===== Input =====

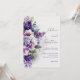 Faça uma declaração com esta na moda Purple Lavanda Boho Rustic Floral Elegant Invitation! Este cartão de casamento chique e atordoante apresenta uma bela design floral de cor d'água inspirada no jardim em tons de roxo, complementada perfeitamente por uma elegante e moderna tipografia de escrita de caligrafia. Quer você esteja planejando um casamento íntimo ou um caso de grande salão de baile, esta suíte de convite de casamento vai dar o tom para seu dia especial. Imprima seus hóspedes com nossa design que capta a essência do seu tema de casamento boêmico e cria uma impressão duradoura.
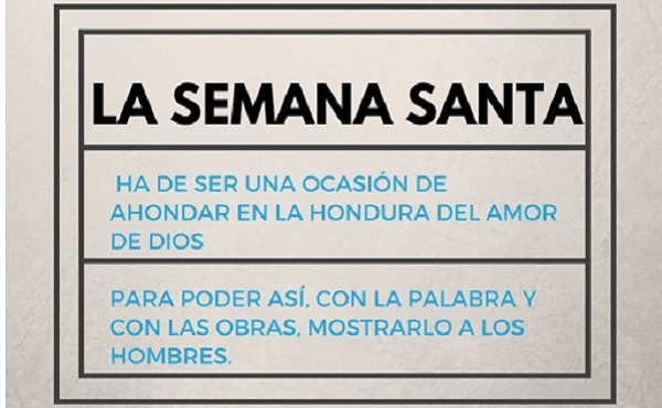 "Vivir la Semana Santa es entrar cada vez más en la lógica de Dios, en la lógica de la Cruz, que no es en primer lugar la del dolor y la muerte, sino la del amor y la de la entrega de sí mismo que da vida. Es entrar en la lógica del Evangelio"( Papa Francisco, 27 de marzo de 2013).
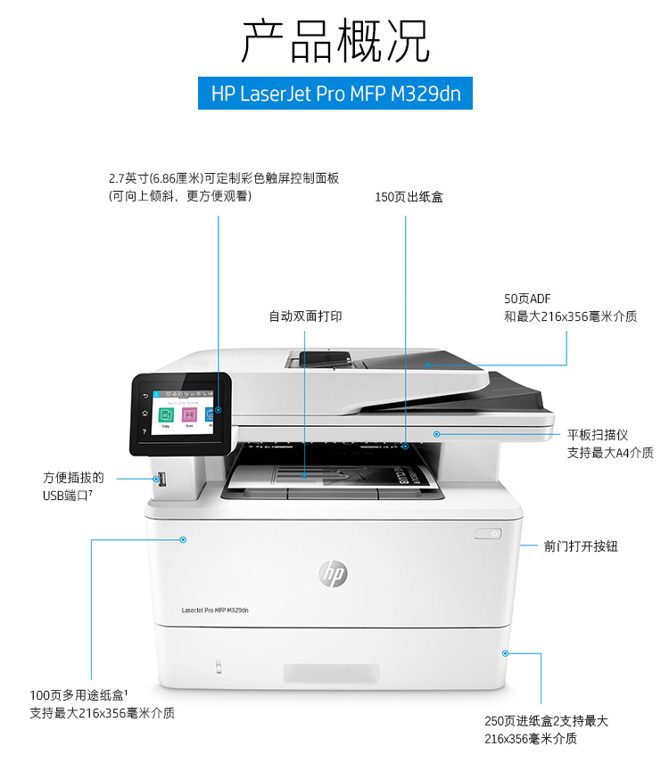 惠普(HP) M329dn激光多功能一体机 商务办公 打复扫三合一 自动双打
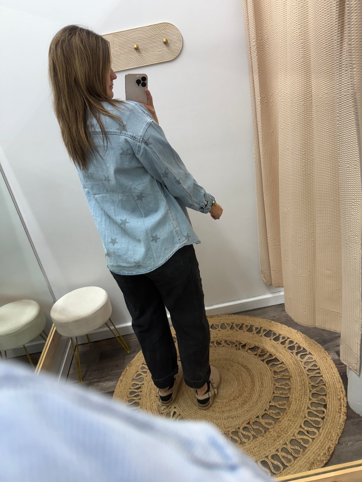 OVERSIZED STAR PRINT SHIRT - Length 29" | 1/2 Chest(1" below armhole) 23" in size S - Model Info: Height 5'8" | Waist 24" | Hips 34
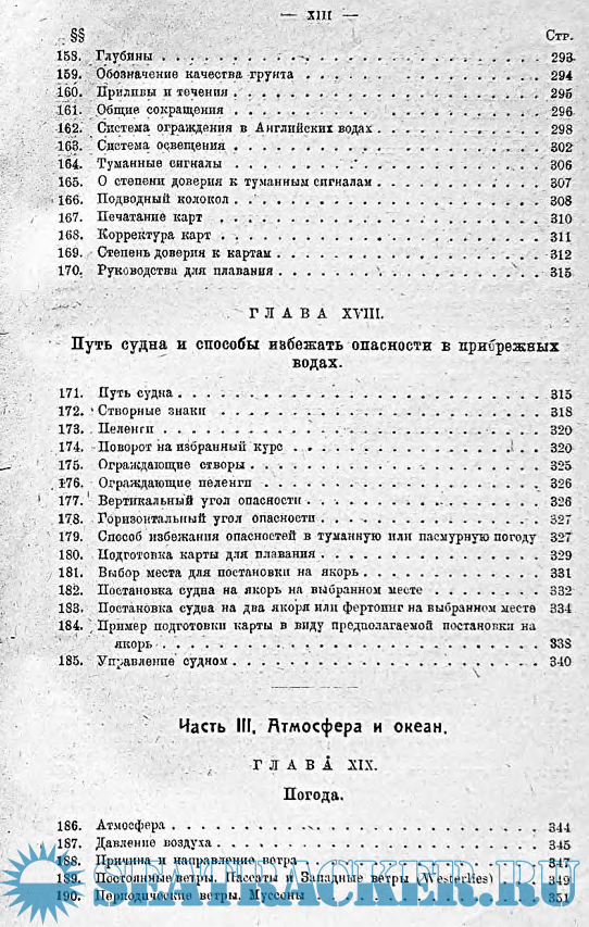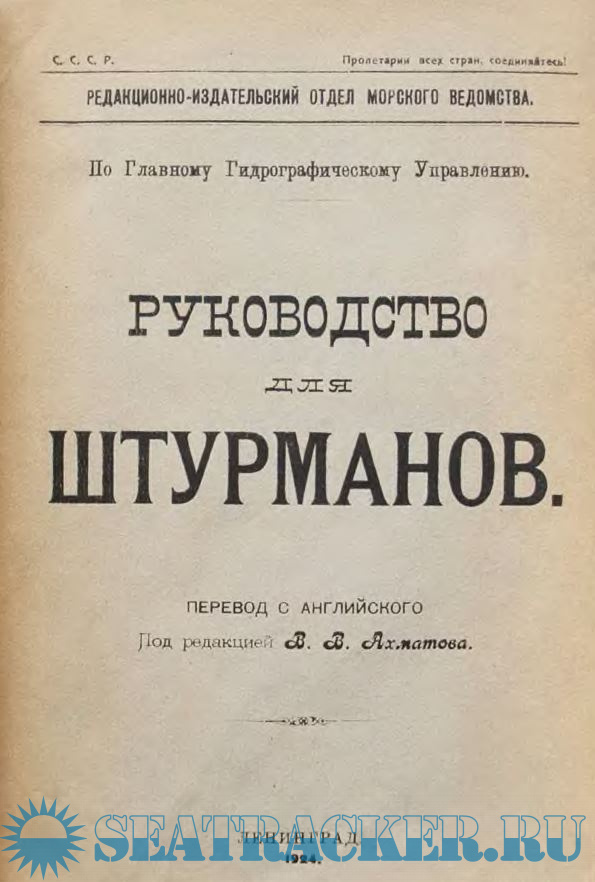 По этим причинам, когда в 1920 г. в руках Главного Гидрографического Управления оказалось подобное руководство, составленное по поручению Английского Адмиралтейства, было решено сделать его полный перевод. Мировой опыт английских моряков позволял надеяться, что такая книга ответит практическим запросам наших мореплавателей и заполнит указанный недостаток."
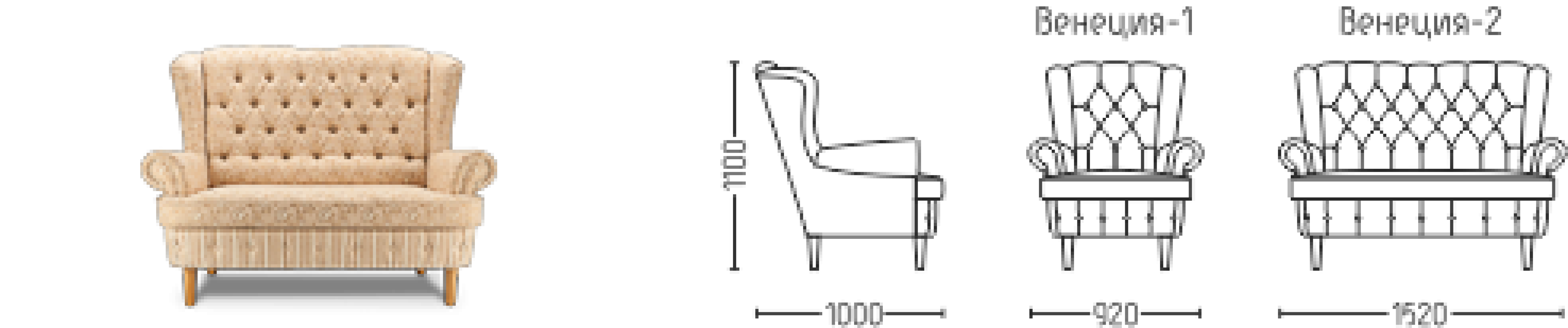 - передняя часть спинки оформлена в технике «капитоне».
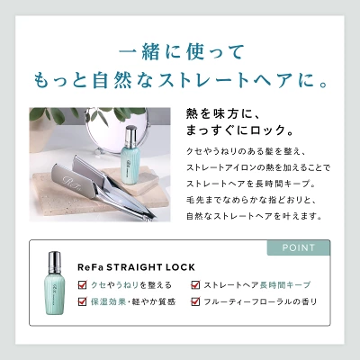 髪の毛のダメージをより少なくしたい方は「リファロックオイル」をアイロン前につけると、熱ダメージをさらに軽減できるのでおすすめです。
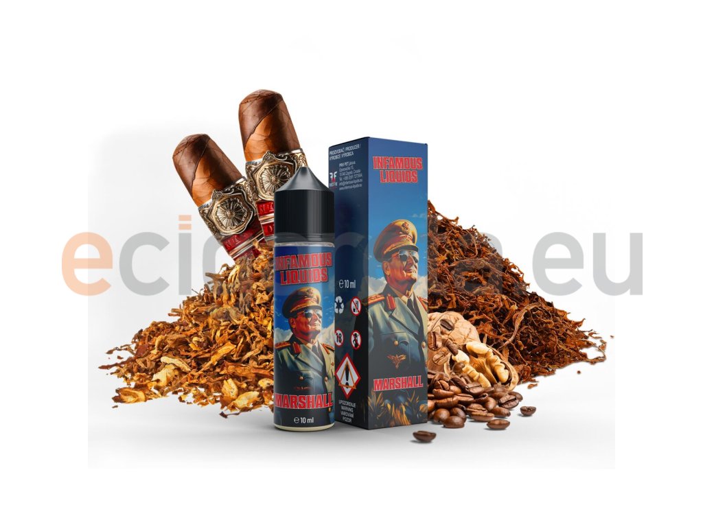 Příchuť Infamous Special S&V: Marshall (Doutníkový tabák s oříškem) objem 10ml tabáková nálepka Kolek R
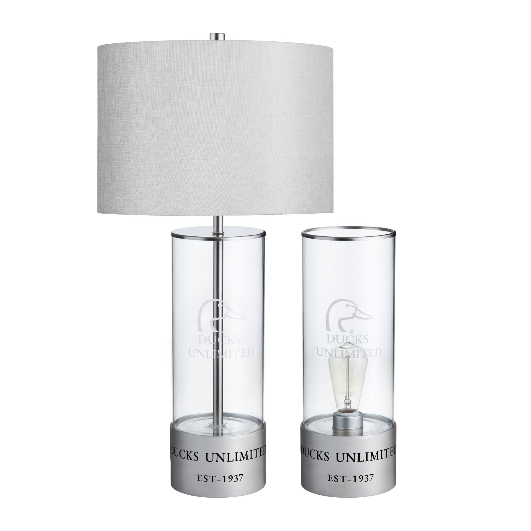 Enhance your home décor with the stylish Lamp Set, which includes a table lamp and a coordinating accentlamp. Both lamps feature a clear glass base elegantly etched with the DU logo, adding a touch of sophisticationto any room. The table lamp stands 29.5” tall and comes with a chic gray linen shade, perfect for providingambient lighting. The accent lamp, designed with the same elegant elements, includes an LED industrial lightbulb andmeasures 16”, offering a modern touch. This matching set is ideal for elevating the aesthetic of yourhome.
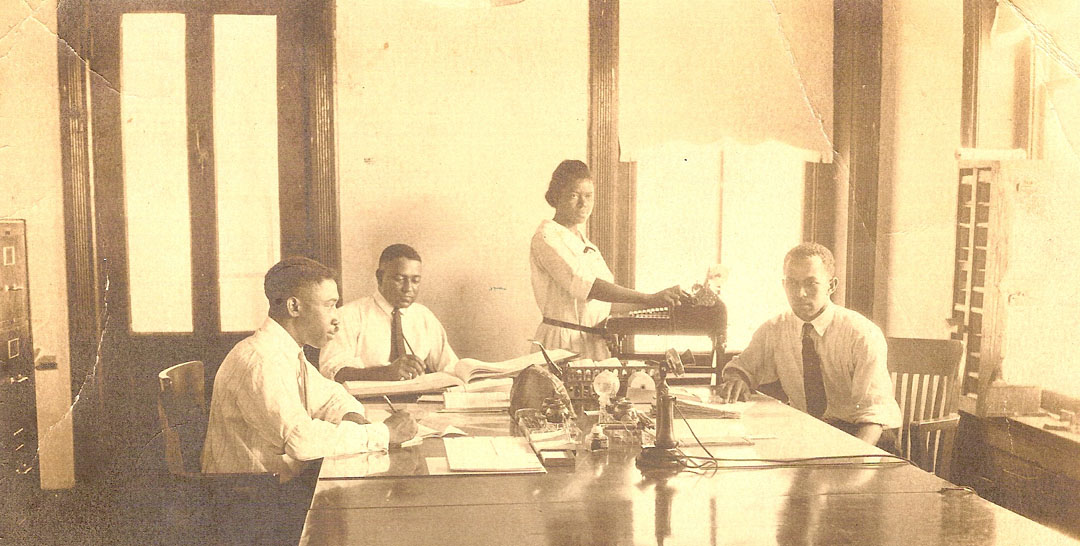 Four African Americans working in an office in Hempstead, TX. In the center is a Burroughs Class 3 adding machine. A candlestick telephone is on the desk. | Early Office Museum Archives  |
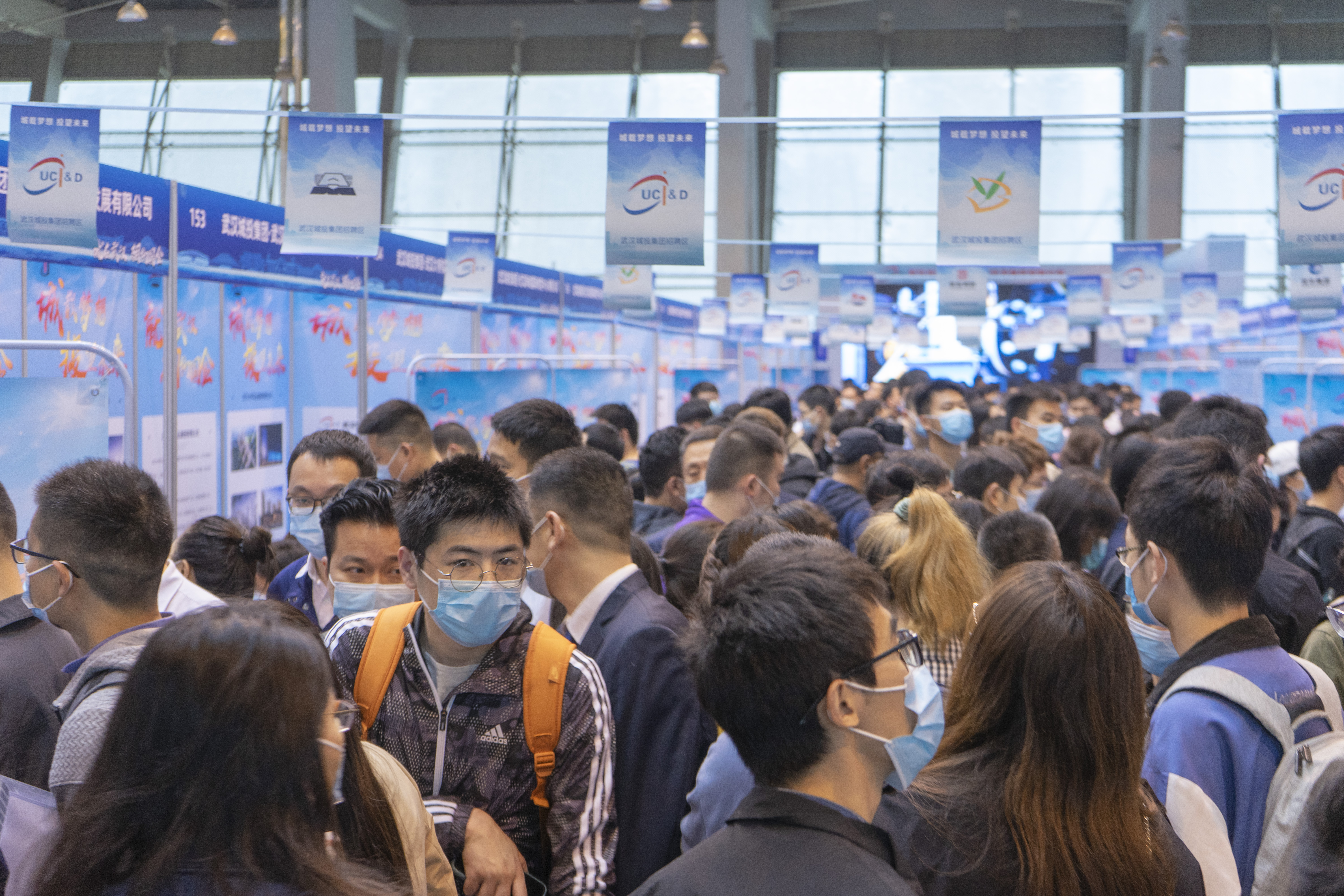 “岗位多多,诚意满满”“薪资丰厚,你值得拥有”招聘会现场人头攒动,各大国企招聘热火朝天地进行。
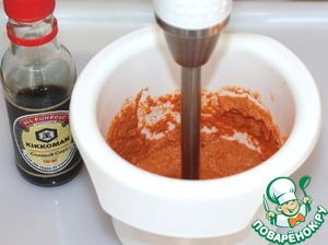 соевый соус, кроме оливкового масла, и измельчают блендером.
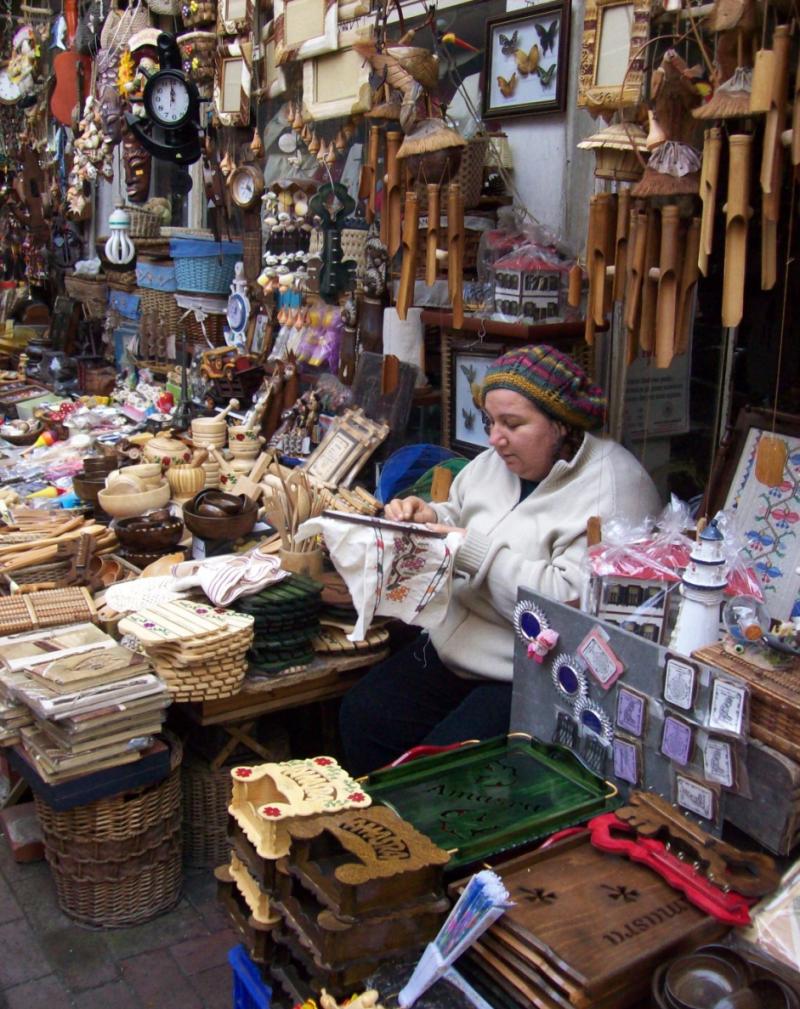 Kahve sonrasında hemen yan sokaktaki Çekiciler Çarşısı’nı gezmeye başladık. Çekicilik, ahşap oymacılığı süsleme sanatına verilen ad. Eskiden küçük el tezgâhlarında yapılıyormuş. Şimdilerde Amasra Hatırası hediyelik eşyalar; ahşap ürünler, tel kırma işlemeler, el dokuma kumaşlar, meyve çekirdeklerinden yapılmış özel takılar bulabileceğiz en ideal yer bu çarşı.
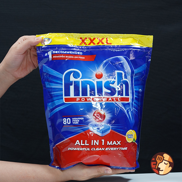 - Khác với viên rửa chén thông thường khi sử dụng bạn phải xé bỏ lớp túi bảo vệ viên rửa, viên rửa chén Finish All In 1 Max Dishwasher Tablets Lemon là dòng sản phẩm cao cấp bạn không phải xé bỏ lớp bóng vì nó có lớp màng tự tan, chỉ cần lấy ra một viên rồi đặt vào khay chứa của máy.
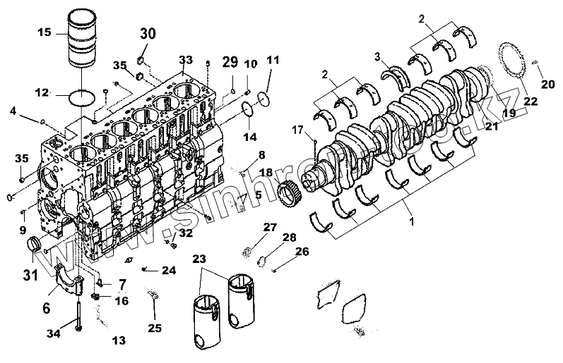 Каталог запасных частей к технике: DongFeng DFL-3251AW1. Cylinder Block Group
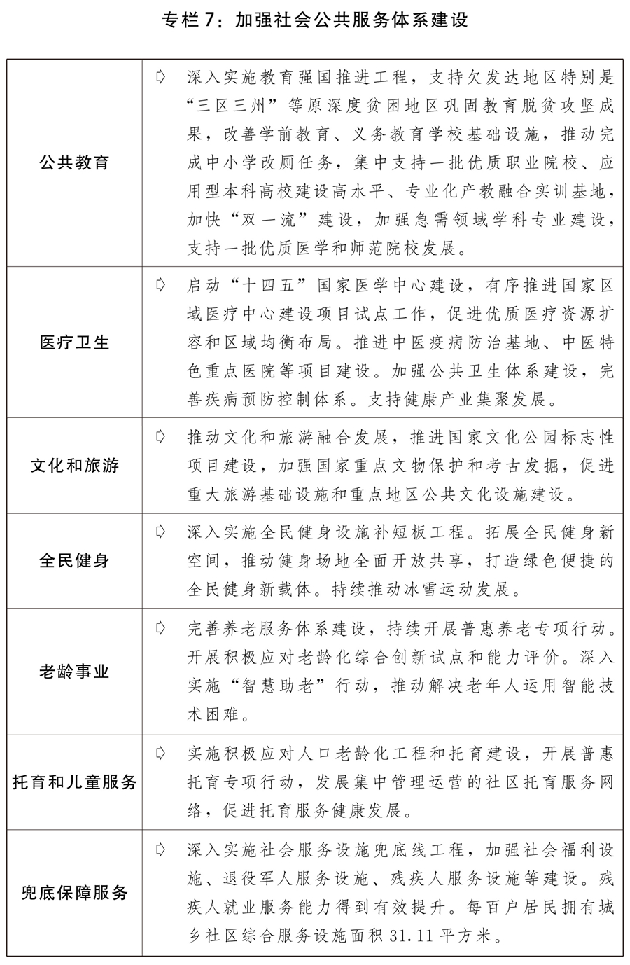四是完善公共服務(wù)政策制度體系。分類推進基本公共服務(wù)均等化發(fā)展,推動服務(wù)重心向基層下沉,增加普惠性非基本公共服務(wù)供給。支持社會力量增加普惠性托育服務(wù)供給,進一步完善學(xué)前教育收費政策,推進普惠性學(xué)前教育資源擴容增效,推進兒童友好城市建設(shè)。推動義務(wù)教育優(yōu)質(zhì)均衡發(fā)展和城鄉(xiāng)一體化,提升農(nóng)村學(xué)校辦學(xué)能力,依據(jù)常住人口規(guī)模增加城鎮(zhèn)教育資源。繼續(xù)做好義務(wù)教育階段減負(fù)工作。加強縣域普通高中建設(shè)。改善職業(yè)教育辦學(xué)條件。推進高校“雙一流”建設(shè),加快經(jīng)濟社會發(fā)展重點領(lǐng)域急需學(xué)科專業(yè)建設(shè)、人才培養(yǎng)和科技攻關(guān),完善產(chǎn)教融合政策措施。支持中西部高等教育發(fā)展,高校招生繼續(xù)加大對中西部和農(nóng)村地區(qū)傾斜力度。加強教師隊伍建設(shè),加大中西部地區(qū)教師培訓(xùn)力度。辦好特殊教育、繼續(xù)教育,規(guī)范民辦教育發(fā)展。完善三孩生育政策配套措施,將3歲以下嬰幼兒照護費用納入個人所得稅專項附加扣除,推動生育支持政策落地見效。貫徹落實積極應(yīng)對人口老齡化國家戰(zhàn)略,加強養(yǎng)老托育服務(wù)體系和健康支撐體系建設(shè),維護好老年人合法權(quán)益。推動公立醫(yī)院高質(zhì)量發(fā)展,加快健全現(xiàn)代醫(yī)院管理制度,深入推進國家醫(yī)學(xué)中心、國家區(qū)域醫(yī)療中心建設(shè)項目和縣級醫(yī)院建設(shè),加快完善分級診療體系,深化醫(yī)療服務(wù)價格、醫(yī)保支付管理和公立醫(yī)院薪酬制度改革。補齊婦幼兒科、精神衛(wèi)生、老年醫(yī)學(xué)等服務(wù)短板。持續(xù)深入開展愛國衛(wèi)生運動、推進實施健康中國行動,倡導(dǎo)文明健康綠色環(huán)保生活方式。實施現(xiàn)代化疾控體系建設(shè)、國家重大傳染病防治基地建設(shè)等工程,提升公共衛(wèi)生防控救治能力。加快中醫(yī)藥特色發(fā)展。推動中華優(yōu)秀傳統(tǒng)文化創(chuàng)造性轉(zhuǎn)化和創(chuàng)新性發(fā)展,促進出版、電影、廣播電視、文物等事業(yè)高質(zhì)量發(fā)展,推進公共文化數(shù)字化建設(shè),提供更多公共文化產(chǎn)品。加強國家重大文化項目和國家文化公園建設(shè),加強重要文化遺產(chǎn)和國家公園等重要自然遺產(chǎn)保護設(shè)施建設(shè),全面提升革命文物保護利用水平,促進公共文化服務(wù)提質(zhì)升級。推進國民旅游休閑加快發(fā)展,不斷完善節(jié)假日制度。實施全民健身設(shè)施補短板工程,加強體育公園等全民健身場地設(shè)施建設(shè)。深化公共法律服務(wù)體系建設(shè)。
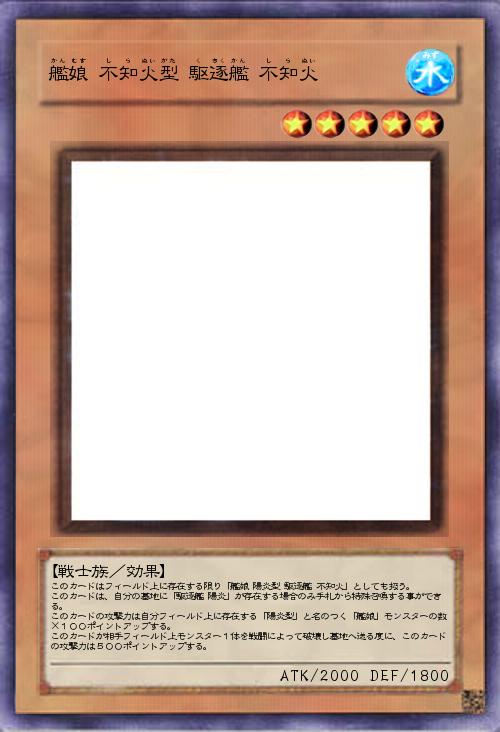 | このカードはフィールド上に存在する限り「艦娘 陽炎型 駆逐艦 不知火」としても扱う。 このカードは、自分の墓地に「駆逐艦 陽炎」が存在する場合のみ手札から特殊召喚する事ができる。 このカードの攻撃力は自分フィールド上に存在する「陽炎型」と名のつく「艦娘」モンスターの数×100ポイントアップする。 このカードが相手フィールド上モンスター1体を戦闘によって破壊し墓地へ送る度に、このカードの攻撃力は500ポイントアップする。 | |||
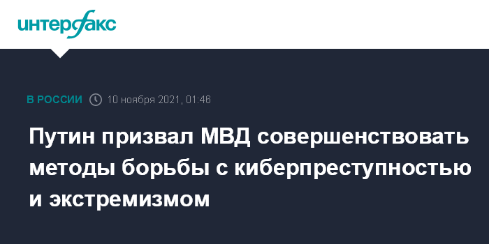 Путин призвал МВД совершенствовать методы борьбы с киберпреступностью и экстремизмом

=====

# Task instructions:
Look above for the line with "По этим причинам, когда" and the line with "Enhance your home". Output those two and everything between them exactly, pictures excluded.

# Output of the exercise:
 По этим причинам, когда в 1920 г. в руках Главного Гидрографического Управления оказалось подобное руководство, составленное по поручению Английского Адмиралтейства, было решено сделать его полный перевод. Мировой опыт английских моряков позволял надеяться, что такая книга ответит практическим запросам наших мореплавателей и заполнит указанный недостаток."
 - передняя часть спинки оформлена в технике «капитоне».
 髪の毛のダメージをより少なくしたい方は「リファロックオイル」をアイロン前につけると、熱ダメージをさらに軽減できるのでおすすめです。
 Příchuť Infamous Special S&V: Marshall (Doutníkový tabák s oříškem) objem 10ml tabáková nálepka Kolek R
 Enhance your home décor with the stylish Lamp Set, which includes a table lamp and a coordinating accentlamp. Both lamps feature a clear glass base elegantly etched with the DU logo, adding a touch of sophisticationto any room. The table lamp stands 29.5” tall and comes with a chic gray linen shade, perfect for providingambient lighting. The accent lamp, designed with the same elegant elements, includes an LED industrial lightbulb andmeasures 16”, offering a modern touch. This matching set is ideal for elevating the aesthetic of yourhome.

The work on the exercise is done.